Это началось с пустяка. Я мыла посуду, как делала каждый вечер, пока мои братья сидели в комнате и болтали. Руки были мокрые, губы сжаты. Я торопилась, потому что знала – если задержусь хоть на минуту, брат разозлится. Он уже звал меня, но я не могла бросить посуду – если не домою, потом меня же и накажут за это.
Я пыталась сделать всё быстро, но пальцы скользили по мокрым тарелкам, и страх только мешал.
– Сколько тебя ждать?! – раздражённо бросил он, не поднимаясь с дивана.
Я сглотнула, бросила полотенце и повернулась к нему.
– Я… я только закончила…
– Принеси мне воды.
Я хмуро посмотрела на него. Он сидел, раскинувшись на диване, держа в руках телефон, и даже не смотрел на меня. Просто кинул приказ, как будто я не человек, а мебель. Я посмотрела на него и впервые в жизни сказала:
– Возьми сам.
Тишина разрезала комнату. Как острый нож по натянутой ткани. Братья замерли. Секунда. Две. Я сразу поняла, что совершила ошибку.
Его глаза медленно оторвались от экрана, и он посмотрел на меня другим взглядом. Не просто злым. Опасным.
– Что ты сказала?
Я почувствовала, как внутри всё сжалось. Я не должна была так говорить. Я должна была молчать и подчиняться. Я знала это. Но в тот момент что-то во мне взбунтовалось. Что-то маленькое, глупое, но слишком упрямое.
– Я сказала, возьми сам.
В следующий миг он уже был рядом. Рука вцепилась в мои волосы. Рывок. Я вскрикнула. Боль резанула по коже, и я упала на колени прямо на каменный пол. Слёзы сами навернулись на глаза, но я не позволила им пролиться.
– Ты решила, что у тебя есть голос?!
Он дёрнул снова, заставляя меня поднять голову.
– Ты всего лишь девка! Ты – никто!
Я задрожала. Я хотела закричать, но не посмела. Я не могла ответить, не могла сказать, что мне больно. Потому что это разозлит его ещё сильнее. Он не хотел слышать оправданий. Он хотел слышать только послушание.
– Ты не имеешь права мне перечить!
Я только кивнула, хотя внутри всё кричало. Но ему было мало. Рывок – и меня швыряет в сторону. Я ударяюсь спиной о стену, воздух резко вырывается из лёгких. Грудь сдавило от ужаса.
Я
Он медленно подошёл ко мне и присел рядом. Я чувствовала его дыхание, слышала его злую усмешку.
– Хочешь, я тебе кое-что объясню?
Я сжалась, стараясь стать как можно меньше.
– Ты – девка.
Я смотрела в пол.
– А знаешь, кто такие девки?
Я не ответила.
– Это те, кого можно ударить, если они забывают своё место.
Я покачала головой, словно это могло отменить его слова.
– И знаешь, что будет, если ты забудешь это снова?

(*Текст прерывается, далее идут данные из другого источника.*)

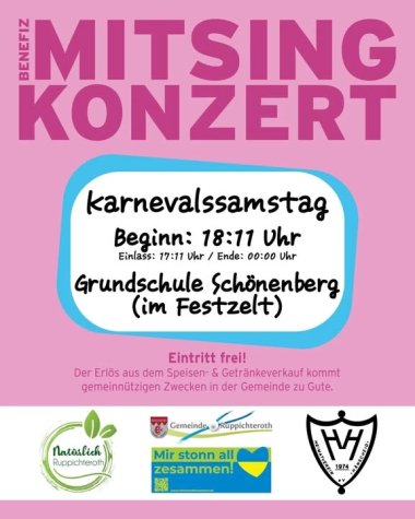 Zum 2. Mal heißt es am Karnevalssamstag, 14.02.2026, im Festzelt an der Grundschule in Schönenberg: Loss mer zesamme singe und fiere beim großen Benefiz Mitsing Konzert unter dem Dach des Heimatvereins Hänscheid.

Он наклонился ближе, и я почувствовала, как меня охватывает ужас.
– Я сделаю так, что ты никогда больше не сможешь перечить.
Я всхлипнула, но быстро зажала рот руками. Я знала, что плакать нельзя. Потому что это его только разозлит. Потому что он получит удовольствие, зная, что я боюсь.
– Всё поняла?
Я кивнула, не поднимая глаз.
– Скажи.
Я задохнулась.
– Поняла…
Он довольно хмыкнул.
– Вот и хорошо.
Когда он ушёл, я осталась лежать на полу. Мне было восемь. И я уже знала, что этот дом никогда не будет мне домом. Я никогда не буду здесь в безопасности. Меня не спасут. Меня не защитят. И если я хоть раз забуду об этом, то мне напомнят. Жестоко. Больно. Так, чтобы я больше никогда не смела спорить.
***
Мне было десять, когда отец впервые избил мать. Не просто накричал. Не просто толкнул. Он бил её. Бил так, что у меня до сих пор перед глазами стоит этот ужас.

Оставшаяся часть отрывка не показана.